TCR2 Therapeutics this week said it is shifting away from developing its autologous cell therapy TC-110 for patients with CD19-positive non-Hodgkin lymphoma and adult acute lymphoblastic leukemia. The choice to deprioritize this therapy will allow TCR2 to focus on treating solid tumors. The firm also said that by the end of the year it anticipates selecting a recommended Phase II dose for its autologous cell therapy gavocabtagene autoleucel, which it is developing for patients with mesothelin-expressing solid tumors. Finally, during the first quarter of 2022, the company will file an investigational new drug application for TC-510, a treatment involving T cells bound to T-cell receptor fusion constructs, or TRuC-T cells, and enhanced with a PD1xCD28 switch receptor.
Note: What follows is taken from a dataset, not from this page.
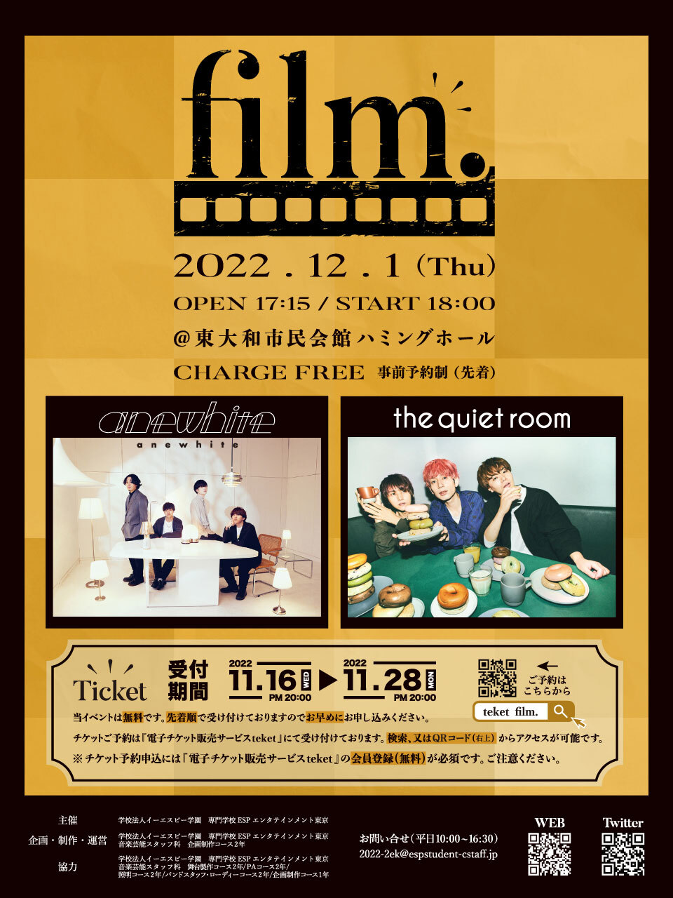 ・入場時に「teketの電子チケット」をご確認させていただきますので、お申し込み時に送信されるチケット情報確認メールのQRコードをご用意の上スタッフのご案内をお待ちください。

Viome Life Sciences this week said it has expanded an existing R&D partnership with GlaxoSmithKline to develop new therapeutic interventions for chronic diseases, including autoimmune diseases and cancers. The new deal builds on a previously announced collaboration investigating the prevention of specific chronic diseases using Viome's microbiome analysis and artificial intelligence platform. Under the terms of the renewed agreement, the partners intend to conduct a clinical validation trial. Financial terms were not disclosed.


Biological Dynamics said this week that the US Food and Drug Administration has granted breakthrough device designation for its liquid biopsy Exo-PDAC assay. The test is designed to detect pancreatic ductal adenocarcinoma early by identifying exosomal biomarkers. Exo-PDAC is the first assay to use Biological Dynamics' Verita platform, an alternating current electrokinetic-based technology, which the firm is exploring for cancer, Alzheimer's disease, and infectious disease detection. The test uses a small blood sample from patients and requires minimal sample preparation or processing.


Virginia Commonwealth University Massey Cancer Center and Virginia State University this week said they've received a $1.7 million team science grant from the National Cancer Institute that they will use to support projects focused on reducing cancer disparities. In one study backed by the grant, researchers are searching for genetic explanations for why Black Americans are more susceptible to liver and gastrointestinal cancers than white Americans. The funding, for the first time, brings together a Virginia-based cancer center and a historically Black college or university, and will also support hands-on research opportunities for underrepresented science students. 


In Brief This Week is a selection of news items that may be of interest to our readers but had not previously appeared in Precision Oncology News.